ST. PETERSBURG, Fla. -- Rangers designated hitter, infielder and team leader Michael Young sat in a reclining chair in the visiting clubhouse at Tropicana Field before Wednesday's game, relieved he'd be heading home a few hours later.
The Rangers were completing the most difficult three-week stretch of the second half -- perhaps the season -- and doing so with their slight cushion in the AL West intact.
"You work in spring training to be able to control your destiny at this time of year," Young said. "We've worked really hard and we've played extremely hard over a really tough stretch of games and it's right in front of us now. We just have to go out and take care of business."
Despite losing to the Rays in walk-off fashion Wednesday following a ninth-inning rally that tied the score, the Rangers sat 2½ games ahead of the Angels in the AL West when they woke up for a much-needed day off Thursday.
The Rangers just completed a three-week stretch against some of the tougher teams in the AL, a stretch that started when they departed for Anaheim on Aug. 16.
After that series, Young remembers how he felt when he got off a plane from Anaheim to Chicago shortly before dawn broke on Aug. 19. The Rangers had just lost to the Angels on Mark Trumbo's walk-off home run, yet still took three of four games from their closest pursuers and held a six-game lead.
They knew the next three weeks wouldn't be easy against some stiff competition.
"I think that travel from Anaheim to Chicago zapped us a little bit," said Young, whose team lost two of three in that series and returned home to face the Red Sox. "We beat Boston the first game, and they come out like the '27 Yankees and beat us the next three nights. With Anaheim coming to town, we didn't need to say anything. We knew what we had to do."
Young and other club leaders didn't feel the need to call a team meeting. Neither did the manager. Instead, the Rangers believed they would rally and move past a stretch of losing six of eight games that started with that Trumbo homer.
"There's no reason to say something that everybody knows," Young said. "We believe in ourselves. Sometimes meetings are overblown. People think every time you have a tough stretch that you need a meeting. You don't all the time. We have those when we think we need them. We're a good team and we communicate with each other well. We're always on the same page. We're not going to talk to hear our voices."
Young did say something in the advance meeting prior to the Angels series, reminding the hitters that complaining about the heat was just an excuse. They had some big home games and had to figure out a way to deal with the high temperatures. They did.
The Rangers took two of three from the Angels, defeating them 9-5 on ESPN Sunday Night Baseball to deny Los Angeles a chance to pull within one game and really ratchet up the pressure. Instead, the Rangers took a three-game lead and have basically held it since. They took two of three from Tampa Bay at home before winning a three-game series with the high-octane offense of the Red Sox in Fenway Park over the weekend. Left-handers Matt Harrison and Derek Holland provided the wins, shutting down Boston's talented lineup.
They lost two of three in Tampa, but even after Wednesday's loss, manager Ron Washington was able to look at the big picture.
"You want to try and win every series and, although we lost today, we had a chance to win it," Washington said. "I'm very happy with the way we're playing. Just have to go home and get going again."
The mission for the Rangers now is to keep plugging ahead against division foes. Texas is 19-7 against Oakland and Seattle and face both of those teams in 12 of the next 15 before the final three-game set in Anaheim.
Ian Kinsler, who hit two home runs in Wednesday's game, including the tying shot in the ninth, believes last year's stretch drive and playoff run has helped the Rangers avoid long losing streaks in the second half and bounce back from some rough patches.
"The race wasn't as tight last year, but we gained a lot of experience from the playoffs and the push toward the end to clinch it," Kinsler said. "It felt like it took us forever to clinch. So I think we learned a lot."
He said the fact that the team held its own this summer despite so many 100-plus degree days shows its resiliency.
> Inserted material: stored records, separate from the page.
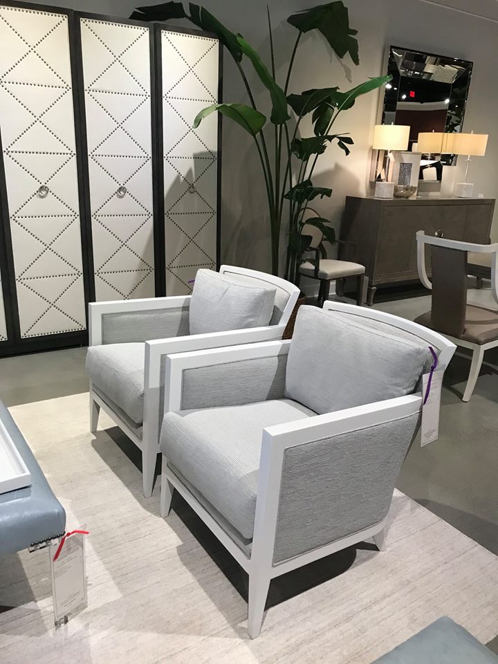 У многих, и у Century, как видно на фото, появились любопытные модернистские формы ножек, словно собранные из кубиков разного размера. Модная штука. Второе, что бросается в глаза - многие начали вшивать в обивки акценты другого цвета. Стул белый, а посередине синяя полоска. Или спинка другого цвета. Белая кровать, отороченная темным графичным контуром. Такое решение часто применялось в этом году. Что интересно, эта графичность часто достигаются с белым акцентом, а не с черным. Обычно для графических решений выбирают черный акцент, а здесь белый цвет, чем он и понравился. Графика появляется, когда весь контур предмета полностью закрыт деревянным каркасом, а ткань находится внутри. Кресло с открытыми подлокотниками - типично американская история. Такое кресло есть у многих, но стыки, сочленения далеки от идеала. А этот предмет от Century идеален.
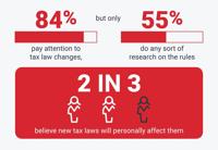A majority (84%) said they pay attention to tax law changes, but only 55% do research on what tax rules or changes will be. In fact, 41% admit they do "little to no" research on what the changes mean.
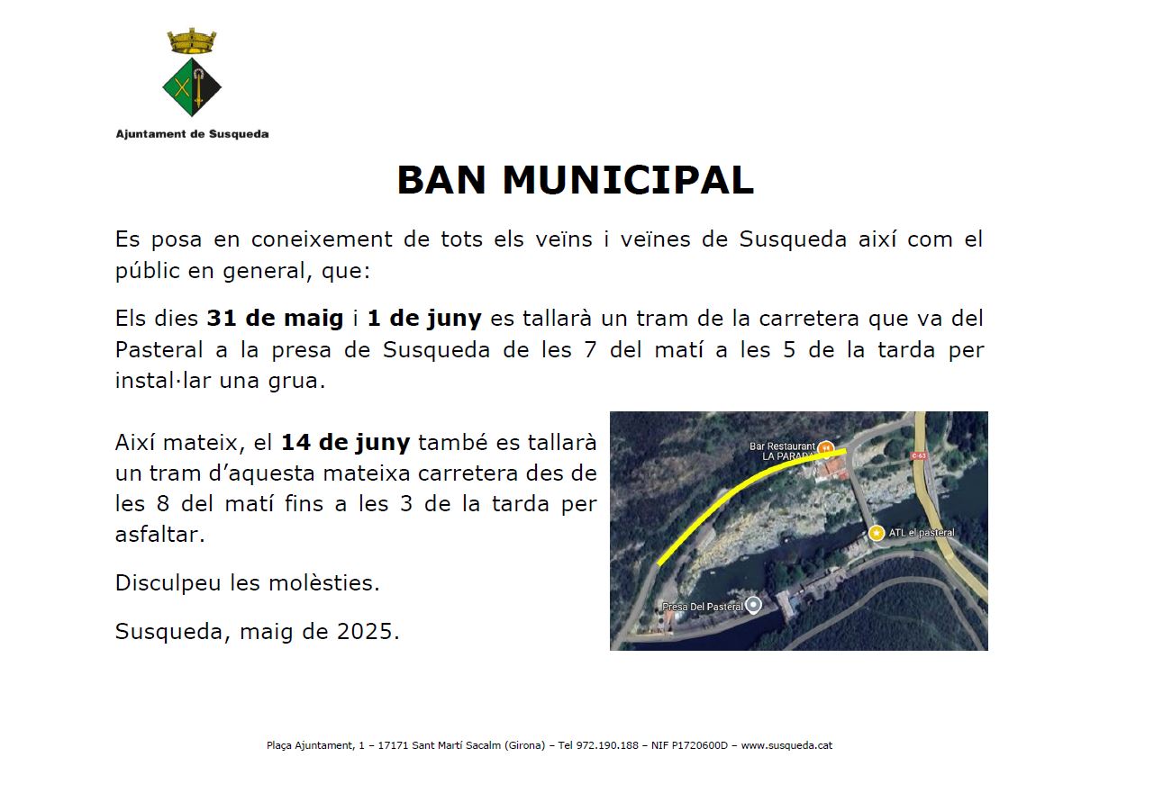 Actualitat, Agenda, General, Notícies Tall carretera Pasteral – Presa de Susqueda 27/05/2025 < Entrada AnteriorEntrada Posterior >

"It's been a hot summer," Kinsler said. "We were able to manage it very well. We were smart about it. That has a lot to do with character of this team and the mix of veterans and young players that we have. We have a good mix and that helps when the dog days are there and you're dealing with 106 every day and it's tough to get your energy up."
The Rangers expect the Angels to hang around and, of course, they are scoreboard watching like everyone else. But they know they're in position to determine their postseason fate, having been in first place since May 16 and in first by themselves since July 6.
"This is the best part of the year next to the postseason," Young said. "We know what we need to do. Now we just have to go do it."
Richard Durrett covers the Rangers for ESPNDallas.com.